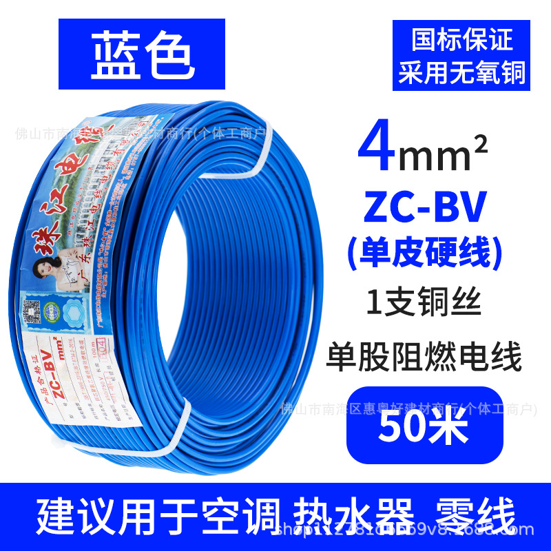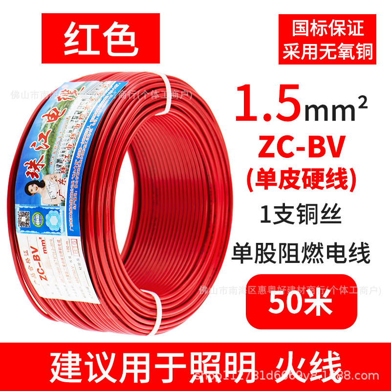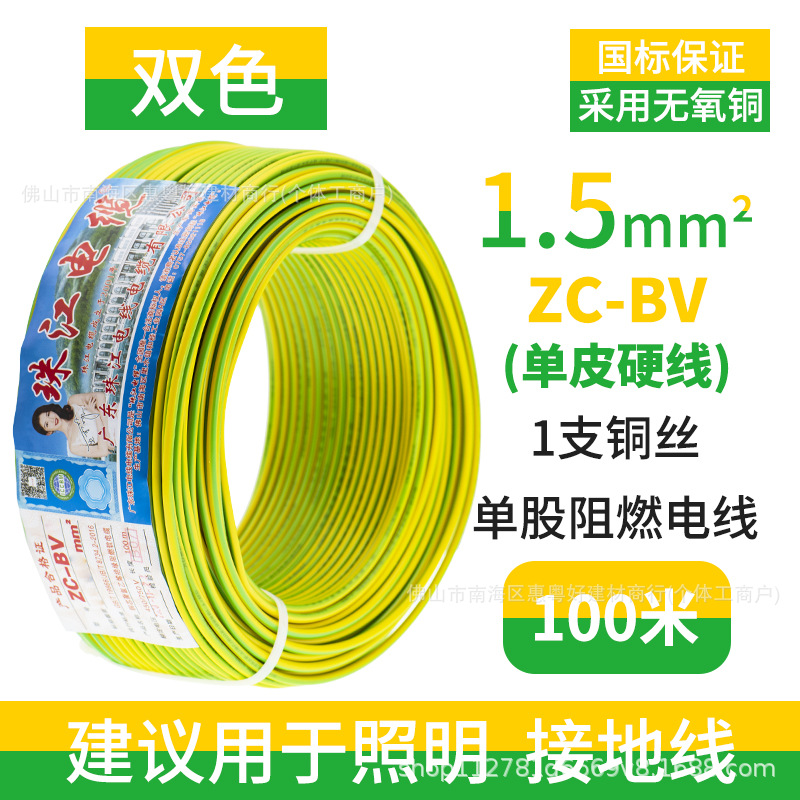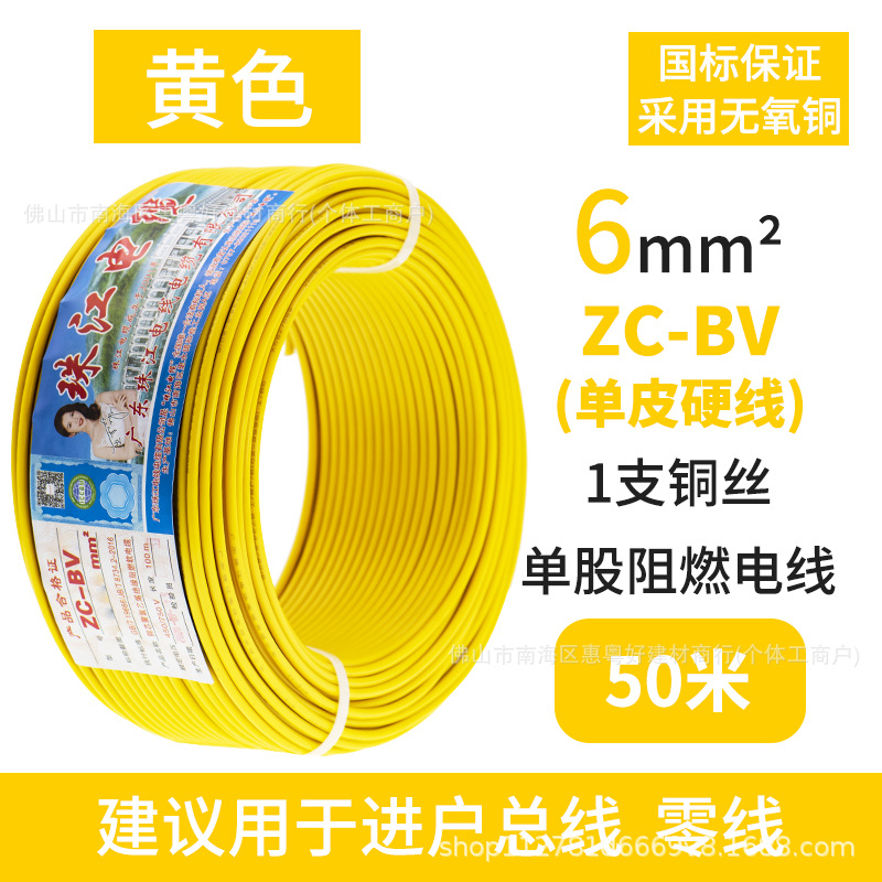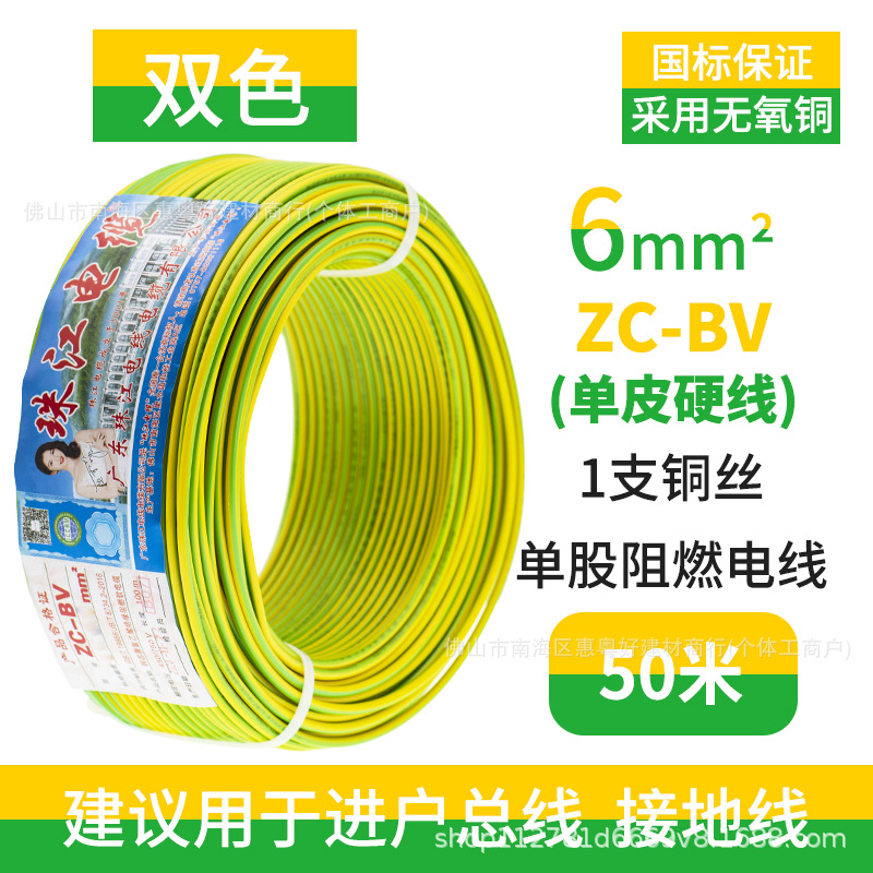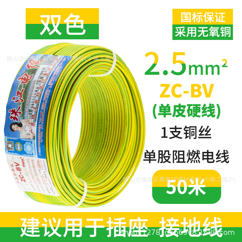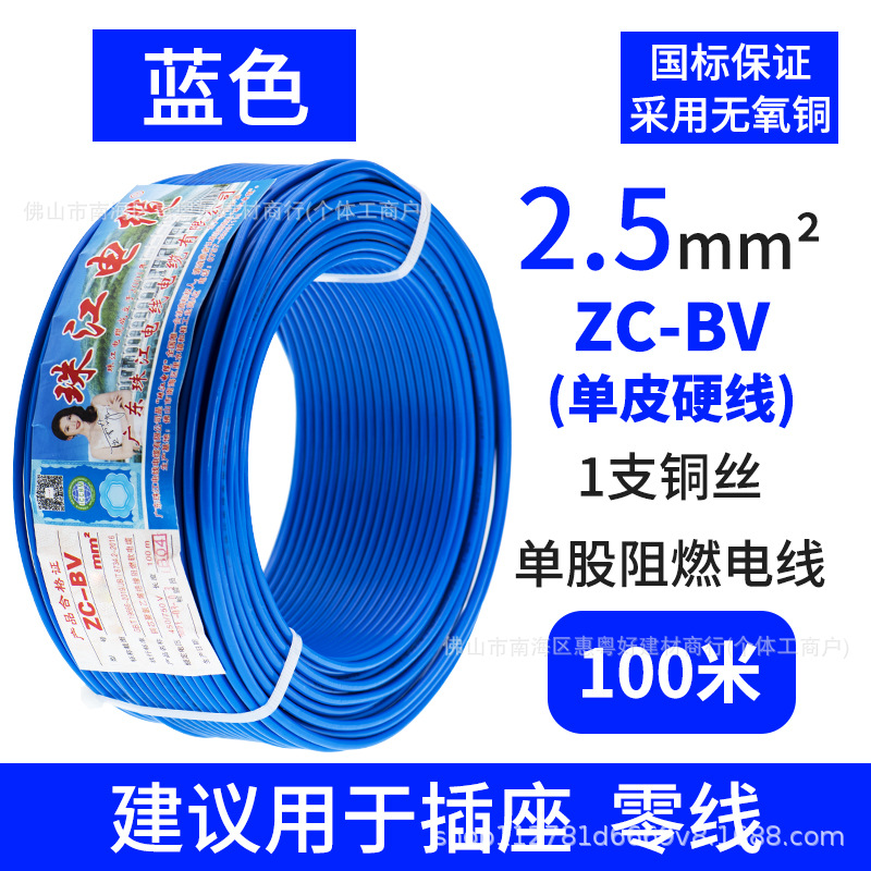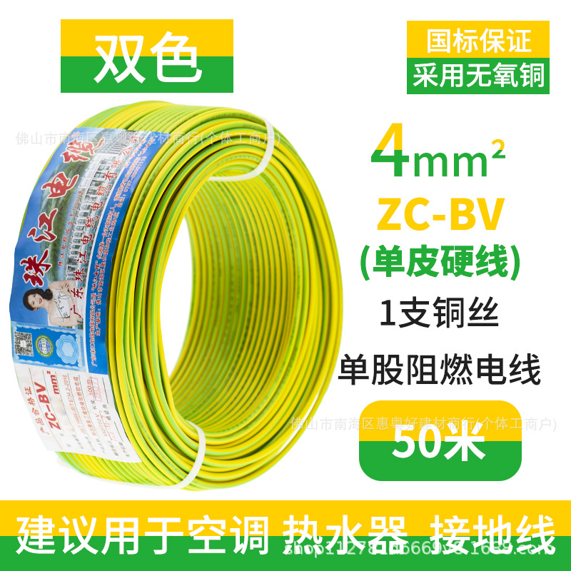 광동 Zhujiang 와이어 및 케이블 BV1.5/2.5/4/6 사각형 단일 순수 구리 코어 GB 하드 와이어 홈 장식 와이어스토어 가기
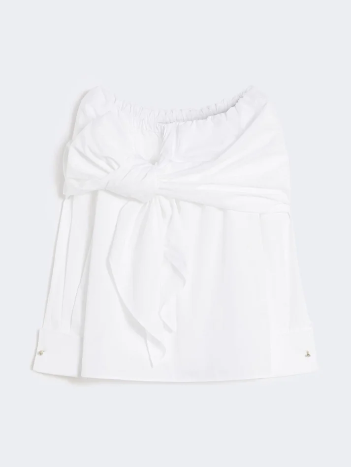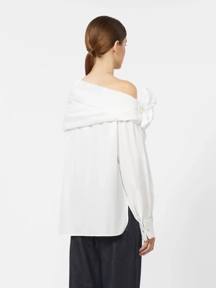 blouse with asymmetrical neckline and fabric stole that wraps around the shoulders and ties in a bow at the front.
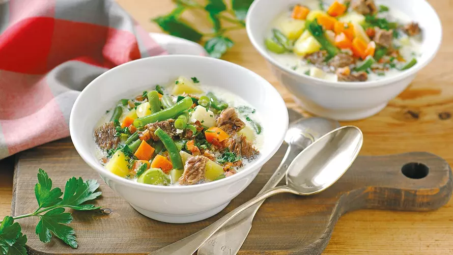 - Dann zusammen mit den Kartoffeln und dem Suppengrün wieder in die Fleischbrühe geben.
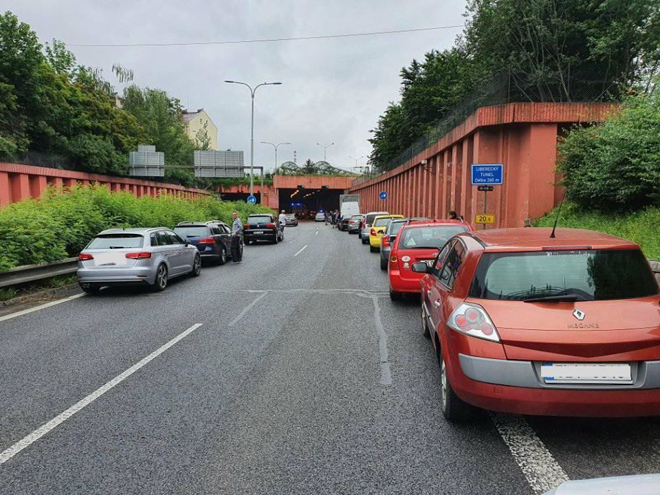 Průtah na Prahu zablokovala nehoda tří aut v tunelu. Dva lidé se zranili
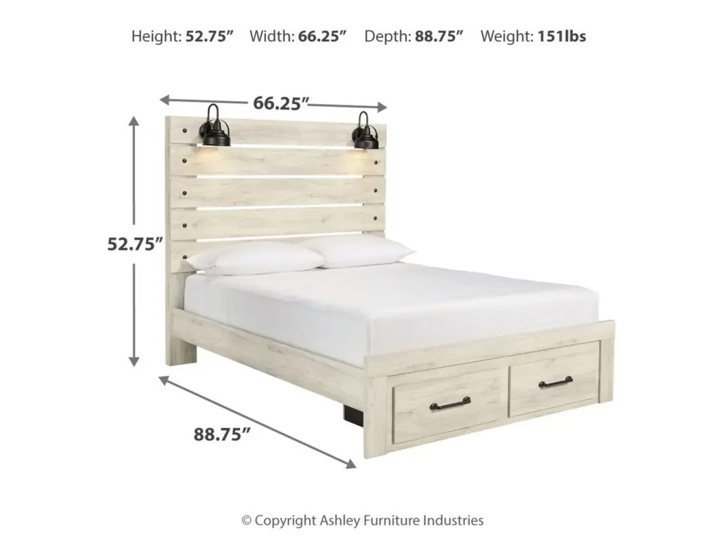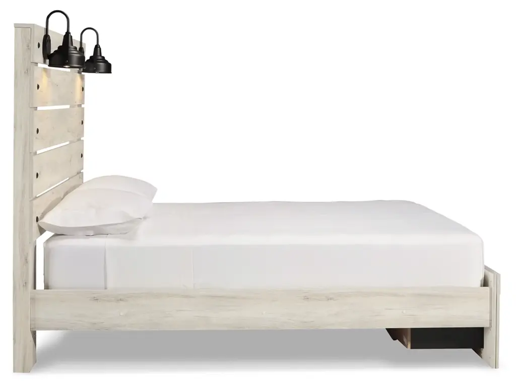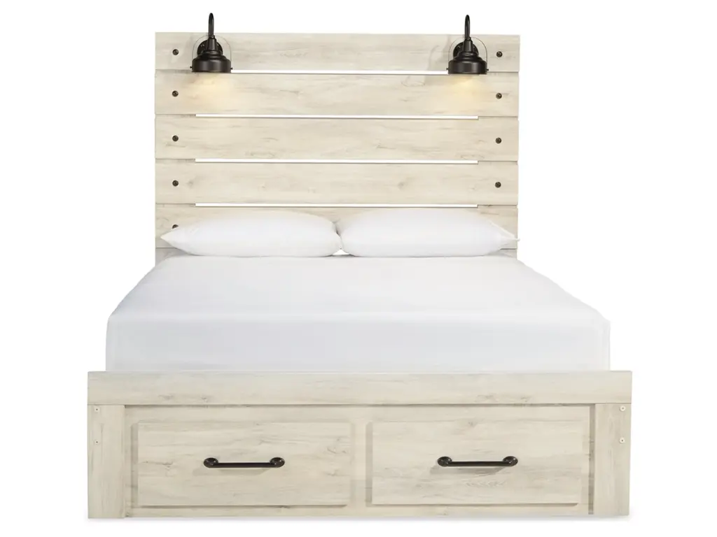 What a delightful take on rustic industrial style. Whether modern loft or modern farmhouse, the Cambeck queen panel storage bed makes itself at home. The wispy whitewash palette enhances without covering the grain for that weathered look you crave. Love to read in bed? You’re sure to find the retro-chic light sconces and USB plug-ins on the open-slat style headboard such a bright idea. Elongated metal drawer pulls on the footboard storage drawers elevate the aesthetic.
○ ○ ○ ○ ○
- _EXERCISE BRIEF_
Please print the records above once more, word for word, omitting all pictures.

- _RESULT OF THIS TASK_
 광동 Zhujiang 와이어 및 케이블 BV1.5/2.5/4/6 사각형 단일 순수 구리 코어 GB 하드 와이어 홈 장식 와이어스토어 가기
 blouse with asymmetrical neckline and fabric stole that wraps around the shoulders and ties in a bow at the front.
 - Dann zusammen mit den Kartoffeln und dem Suppengrün wieder in die Fleischbrühe geben.
 Průtah na Prahu zablokovala nehoda tří aut v tunelu. Dva lidé se zranili
 What a delightful take on rustic industrial style. Whether modern loft or modern farmhouse, the Cambeck queen panel storage bed makes itself at home. The wispy whitewash palette enhances without covering the grain for that weathered look you crave. Love to read in bed? You’re sure to find the retro-chic light sconces and USB plug-ins on the open-slat style headboard such a bright idea. Elongated metal drawer pulls on the footboard storage drawers elevate the aesthetic.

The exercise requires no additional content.